Check out his video below.

Under Chao’s trained and scrutinizing eye, he was able to find one glaring exterior defect, the letter ‘D’ of TRD Pro on one of the hood’s vents was placed backwards!

Here’s what Chao found and directly under that, what it’s supposed to look like on the other side.

A colossal or otherwise inconsequential mistake.
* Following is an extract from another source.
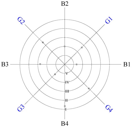 In order to achieve safe production immune maturity evaluation, a coordinate system is established according to the contribution of immune factors (B) and antigenic factors (G), and the energy level diagram of accident-inducing immune factors is thus drawn in Figure 3. The center of the circle is the core of the immune system, and the outside of the circle is the external environment. According to the contribution of the immune factor to the immune system (the combined antigen–antibody score value), it is divided into five levels: initial level I [0.0, 0.2], defined level II [0.2, 0.4], repetition level III [0.4, 0.6], continuation level IV [0.6, 0.8], and optimization level V [0.8, 1.0]. For the immunity factor (B), the closest internal level V has the highest energy level, indicating the better safety status of the chemical company. The outermost energy level I is the lowest, which is also the highest hazard level. The further away the accident immune factor is from the control target (center of the circle), the lower the degree of control of the antigen by that antibody, i.e., the lower the energy level. For the antigenic factor (G), which induces harm, the energy level diagram is interpreted in the opposite way. Thus, the degree of control of the incident immune system over the harmful factor (antigen G) depends on the positional state of the corresponding immune factor (antibody B), with each antibody being independent, interrelated, and mutually constrained.

What do you think?

“I don’t know how they missed that.” Chao said. “And, to be honest, it’s pretty shocking that the quality control people did not see that the supplier made that mistake.”

That was not the only issue, Chao also found a rubber/semi-hard plastic piece of what looks like weather stripping that was misaligned and, when seated correctly, shows a “jagged edge.”

Chao probably financed over $70,000 and after finding this, that’s just not acceptable.

“Maybe it’s not a big deal,” Chao commented “But, it’s something that Toyota should be able to control and manage better. I wouldn’t expect something like that from a 4Runner, which is built in Japan.”

Toyota still build its Prius, the hydrogen-powered Mirai, Land Cruiser, and aforementioned 4Runner in its home country.

Chao finishes off the rest of his video with some comments on the rest of the exterior, moves to the interior, shares how it drives, and offers his overall impressions.

Chao’s mostly satisfied with his purchase and overall build quality.

As Chao mentions, these Tundra TRD Pros are some of the literal first few examples in Canada so, he cuts them a tiny bit of slack, just the tiniest because, after all, it’s Toyota we’re talking about.

You can bet your bottom dollar that once this video makes its way to Toyota HQ, that parts supplier’s going to get a stern talking to.

Were you surprised to find such a glaring exterior “defect” on a Toyota truck that starts out at $67,505?